**What is being asked:** Pictures must not appear in the copy. Set down exactly the line with "- Tout Maillon" and each line after it through the end of the data below.

**Recorded data:**
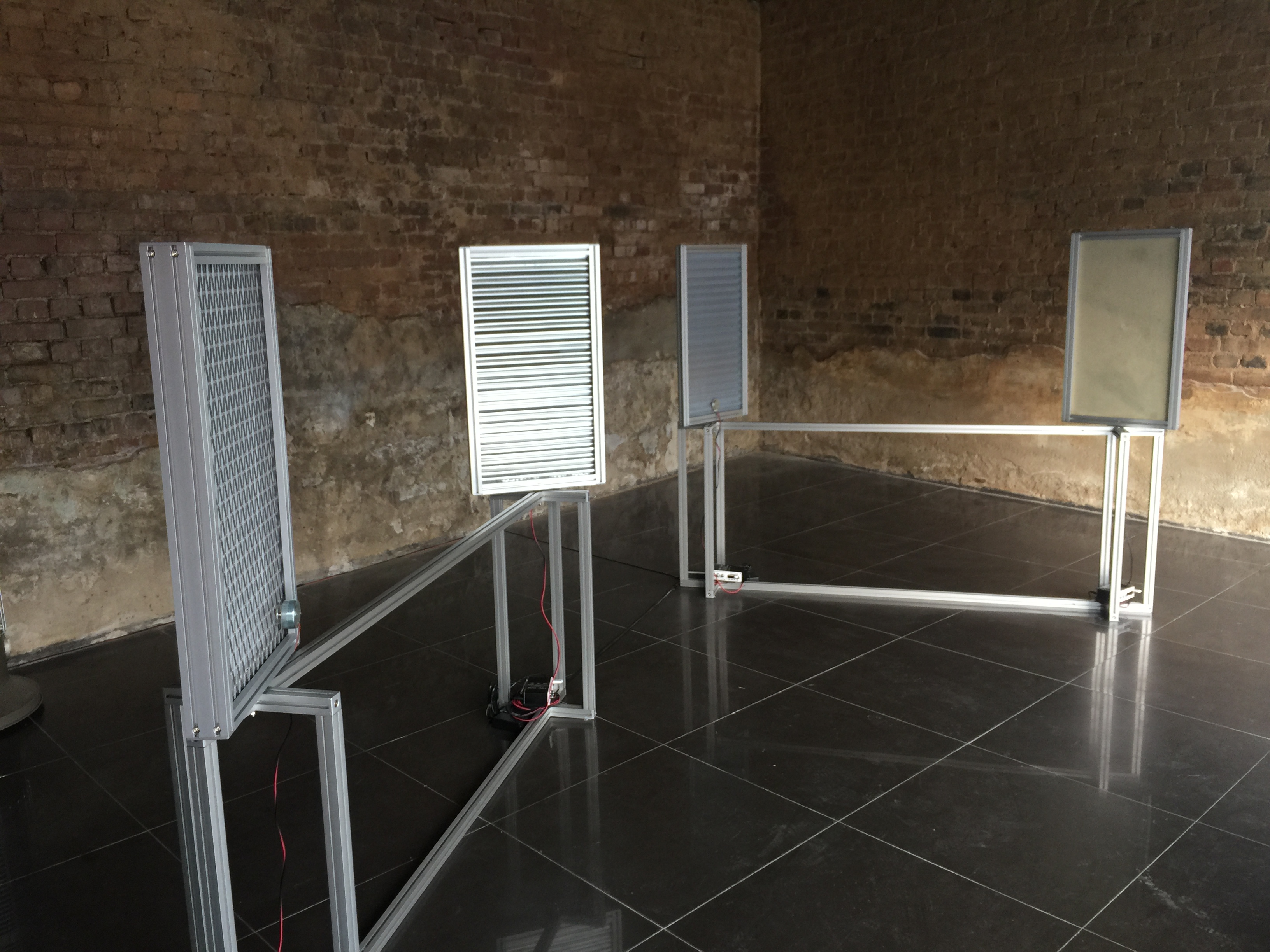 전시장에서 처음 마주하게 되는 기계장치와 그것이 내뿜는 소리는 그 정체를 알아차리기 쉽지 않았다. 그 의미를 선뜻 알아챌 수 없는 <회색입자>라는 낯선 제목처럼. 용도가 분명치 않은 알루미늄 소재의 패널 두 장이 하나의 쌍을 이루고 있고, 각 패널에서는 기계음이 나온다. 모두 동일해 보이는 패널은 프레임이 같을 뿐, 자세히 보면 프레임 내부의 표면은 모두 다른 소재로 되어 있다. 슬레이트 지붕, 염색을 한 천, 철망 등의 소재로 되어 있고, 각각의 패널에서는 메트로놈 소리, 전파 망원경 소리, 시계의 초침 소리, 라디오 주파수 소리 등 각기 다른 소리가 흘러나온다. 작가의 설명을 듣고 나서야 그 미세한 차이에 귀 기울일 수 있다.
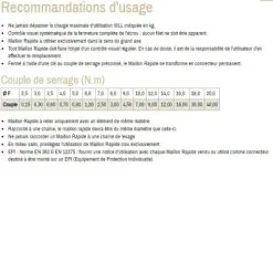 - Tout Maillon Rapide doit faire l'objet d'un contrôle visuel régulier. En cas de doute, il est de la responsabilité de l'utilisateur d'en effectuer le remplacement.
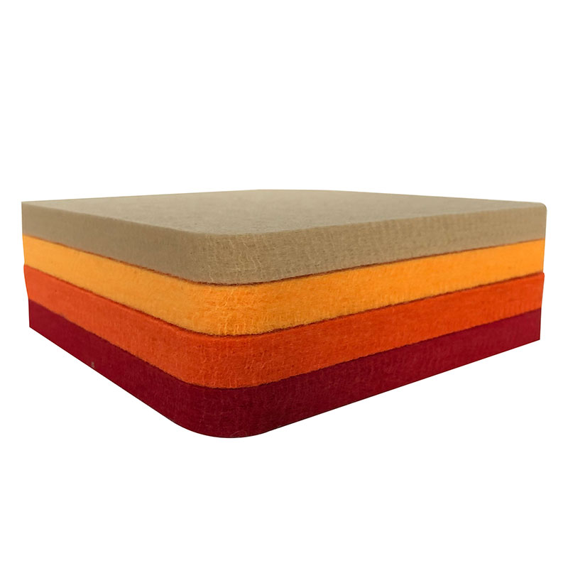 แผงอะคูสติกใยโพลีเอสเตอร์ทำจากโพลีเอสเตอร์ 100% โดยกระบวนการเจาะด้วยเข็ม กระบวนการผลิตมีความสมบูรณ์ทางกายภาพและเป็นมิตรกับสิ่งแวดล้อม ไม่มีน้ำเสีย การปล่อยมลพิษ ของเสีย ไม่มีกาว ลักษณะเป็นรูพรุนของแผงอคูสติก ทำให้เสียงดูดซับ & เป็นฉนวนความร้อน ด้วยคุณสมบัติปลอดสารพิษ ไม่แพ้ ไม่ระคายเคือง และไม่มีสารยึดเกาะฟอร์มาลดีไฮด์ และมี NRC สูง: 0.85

**Completed exercise:**
 - Tout Maillon Rapide doit faire l'objet d'un contrôle visuel régulier. En cas de doute, il est de la responsabilité de l'utilisateur d'en effectuer le remplacement.
 แผงอะคูสติกใยโพลีเอสเตอร์ทำจากโพลีเอสเตอร์ 100% โดยกระบวนการเจาะด้วยเข็ม กระบวนการผลิตมีความสมบูรณ์ทางกายภาพและเป็นมิตรกับสิ่งแวดล้อม ไม่มีน้ำเสีย การปล่อยมลพิษ ของเสีย ไม่มีกาว ลักษณะเป็นรูพรุนของแผงอคูสติก ทำให้เสียงดูดซับ & เป็นฉนวนความร้อน ด้วยคุณสมบัติปลอดสารพิษ ไม่แพ้ ไม่ระคายเคือง และไม่มีสารยึดเกาะฟอร์มาลดีไฮด์ และมี NRC สูง: 0.85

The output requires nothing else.